In a statement issued Wednesday, the union, which opposes the sale of KEB to Hana by Lone Star, said Hana failed to lower the price it will pay for the controlling stake in KEB from Lone Star as required in its price drop, thereby causing the outflow of precious national wealth overseas.
Hana used the media to float the wrong figures in order to check public reaction.
The union’s statement comes with a growing number of reports that Hana and Lone Star are close to a deal.
A Hana official said that the two sides are engaged in the final rounds of negotiations but declined to say how they narrowed their differences in price.
Some sources say that Hana would be lucky to see a 650 won or 5 percent reduction from 13,390 won per share, the price that the two sides agreed on. But they said it amounted to no discount whatsoever, considering the dividends of 1,510 won per share made on their original price of 14,250 won.

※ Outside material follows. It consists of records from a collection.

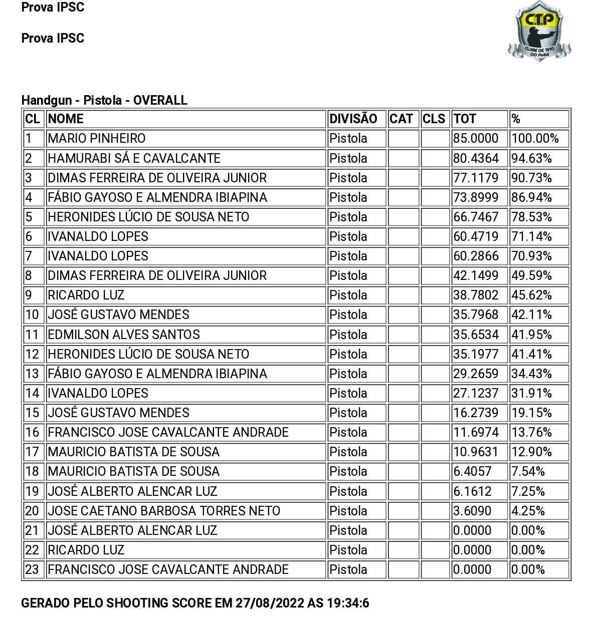 O evento contou com as modalidades Handgun (pistola e revólver ) e CCP (carabina), com a execução de uma pista com 17 disparos mínimos.
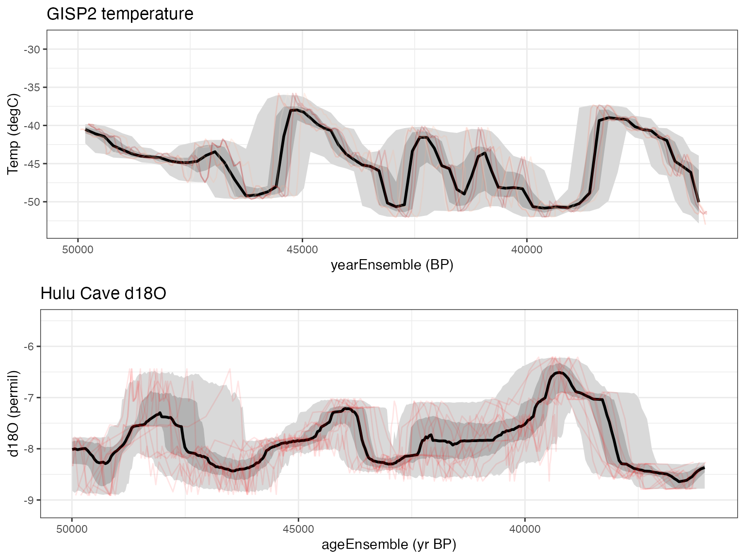 gisp2.ens <- convertAD2BP(gisp2.ens)Let’s make another ribbon and lines plot, this time useing the magrittr pipe to streamline the process
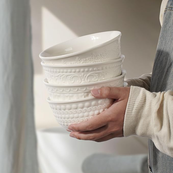 Cereal Bowls Set of 4 - Ceramic Soup Bowls for Kitchen 30 Oz Embossment White Breakfast Bowls for Rice, Pasta, Fruits, Salad, Ramen, 6.25 Inch, Dishwasher & Microwave Safe (Multiple Patterns)
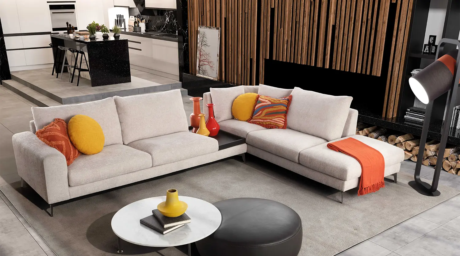 Soft cushions alternate with practical wenge tops that create an original play on shapes and lines.
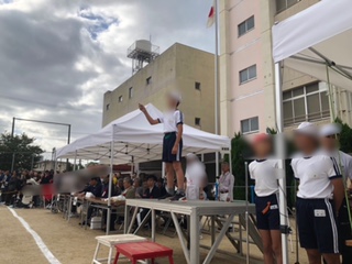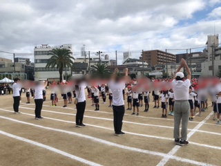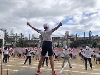 校歌を歌い、ラジオ体操をしました。児童の代表が朝会台から指揮や体操をしました。
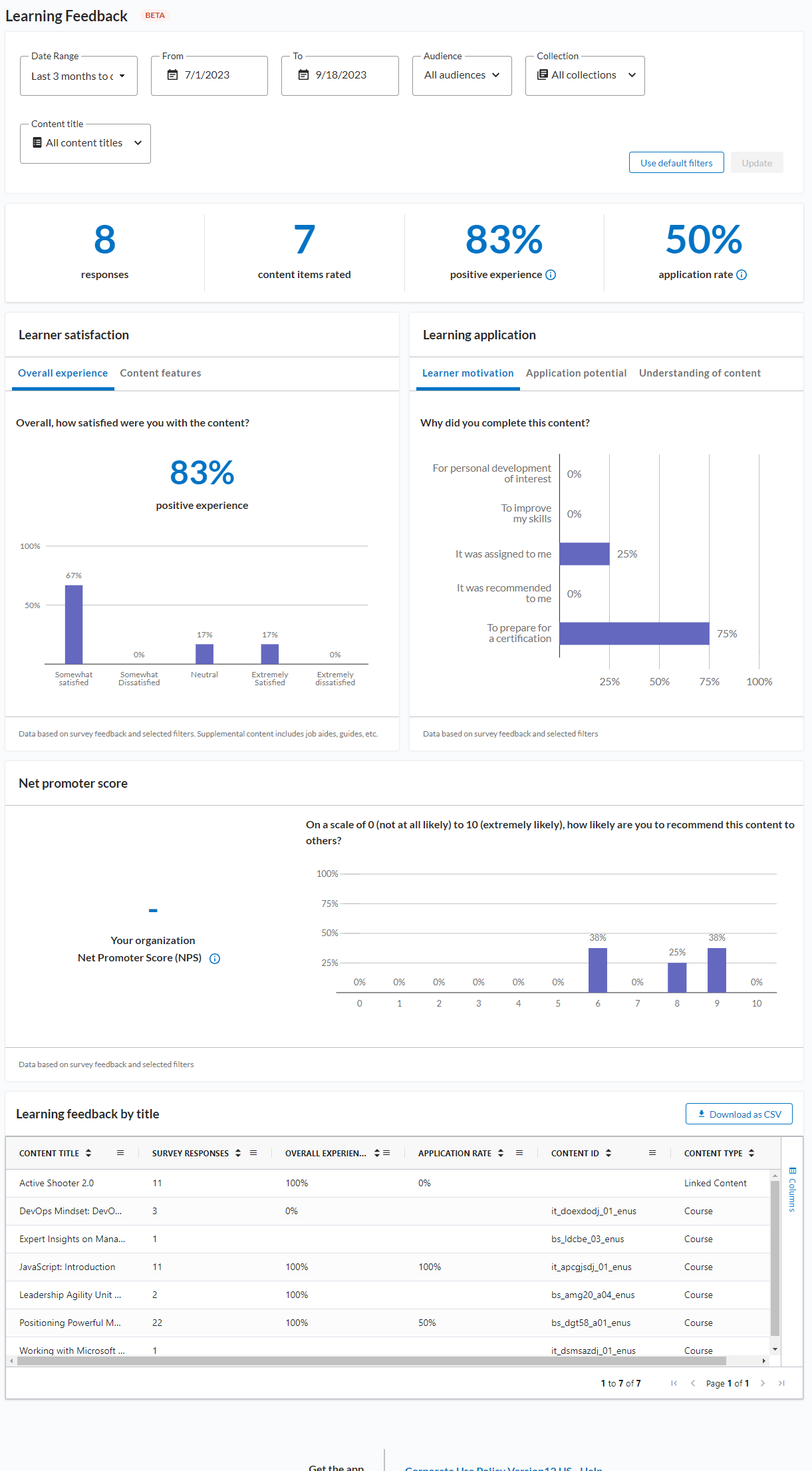 • Whether the content is meeting learner expectations. If you have a positive experience rating higher than 80%, you can feel good about the experience your learners are having.
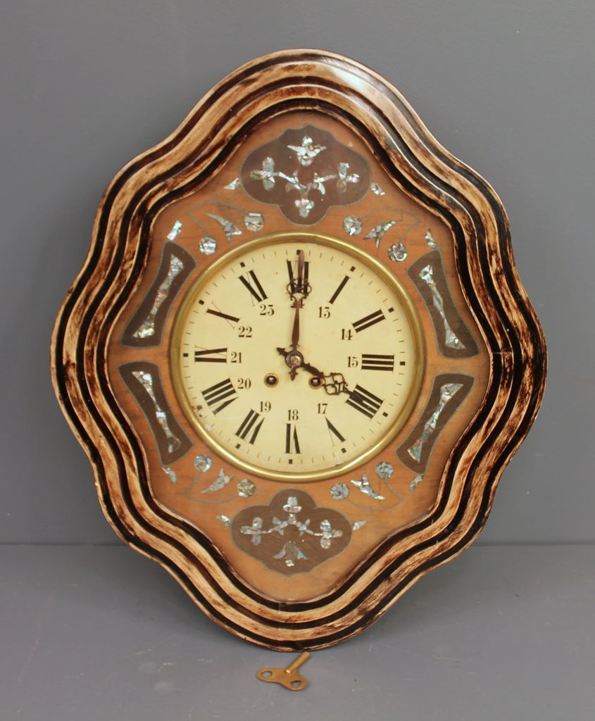 20th Century English Wall Clock with Painted Tin Dial, Mother-of-pearl decorated, has key. 19"w., 24"h.
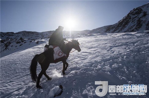 巡診隊醫(yī)生葉力夏提縱馬翻越喬拉克達坂(2017年12月15日攝)。
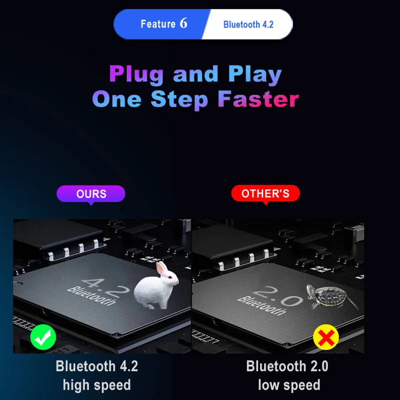1. Соединение Bluetooth 4,2 2. Подключение USB (без задержки) 3. Мощность: 4,8-5,2 V
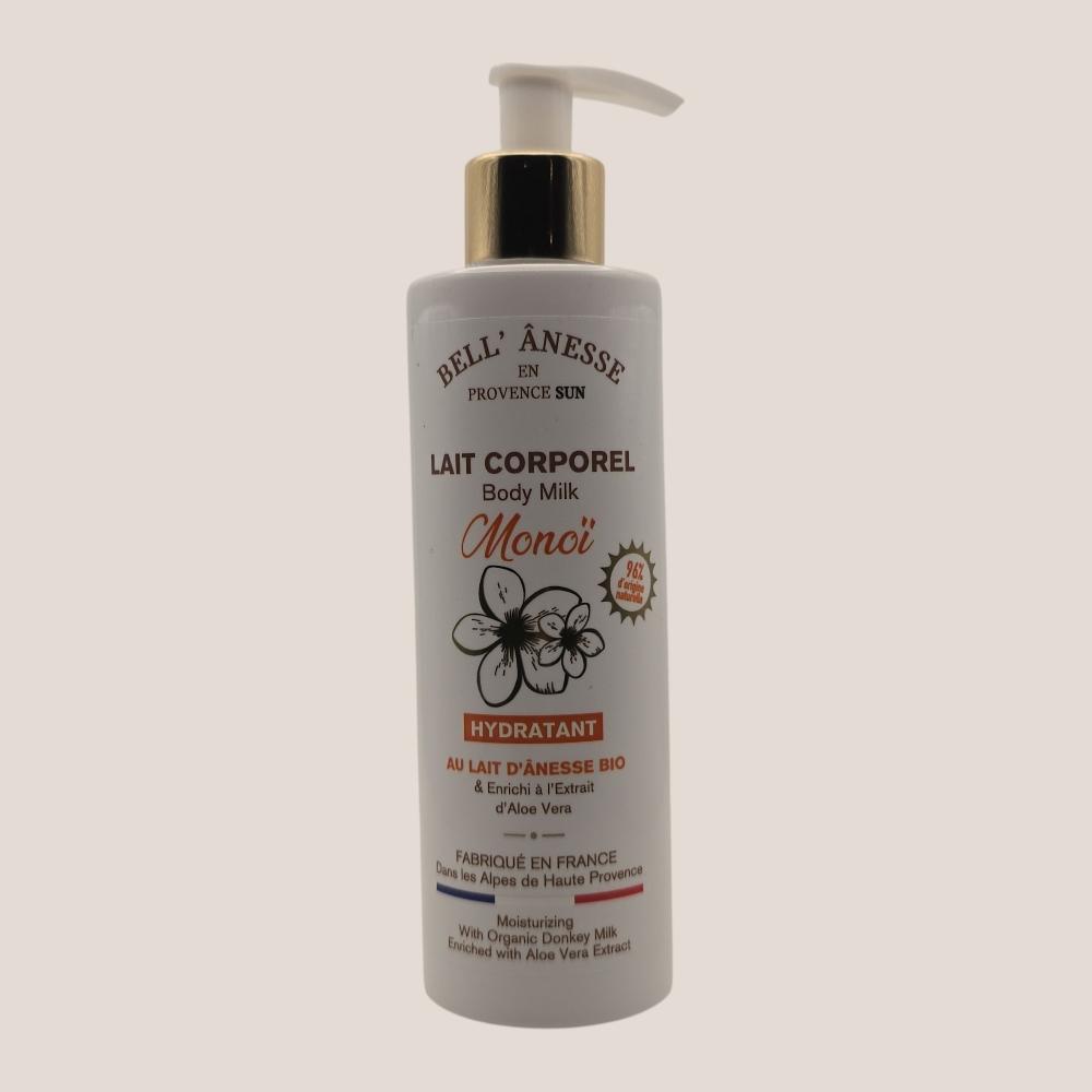 Lait corporel à l’huile de monoï en y ajoutant les propriétés du lait d’ânesse bio et enrichi en beurre de Karité.
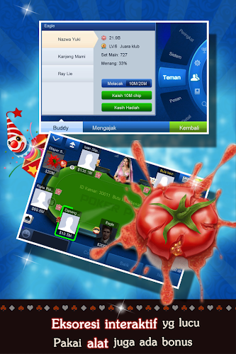 Items: You can throw eggs/tomatoes to other players you hate, or send flowers/kisses to others you like
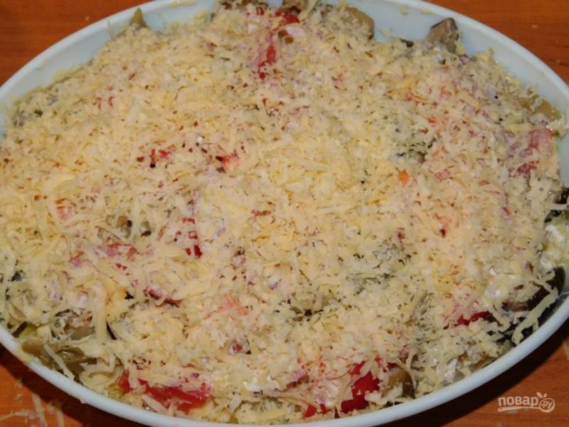 Сверху посыпьте тертым сыром. Поставьте в духовку, разогретую до 200 градусов на 30-40 минут.
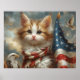 Póster Un gato patriótico lindo envuelto en la bandera de

“The agreed price of 13,390 won didn’t fully reflect the portion subtracted through dividend payments,” one said. “If they agreed on a 650 won cut, it amounts to a delayed inclusion of the price cut that was already due.”
Hana appears to be anxious to close the deal because their terms of agreement that grants exclusive rights for purchase expired Wednesday at midnight.
Lone Star has about five more months to complete its sale of at least 41 percent of its 51-percent KEB stake in accordance with a court order.
“Hana blinked first and is blinking repeatedly,” one analyst said, adding that Lone Star should not be seen in a position of strength because it will find a hard time finding another suitor before the dead.ine expires, if the Hana deal falls through.
Hana is worried that unless its deal with Lone Star is consummated before the end of the year, its chance for the KEB acquisition will be as good as dead.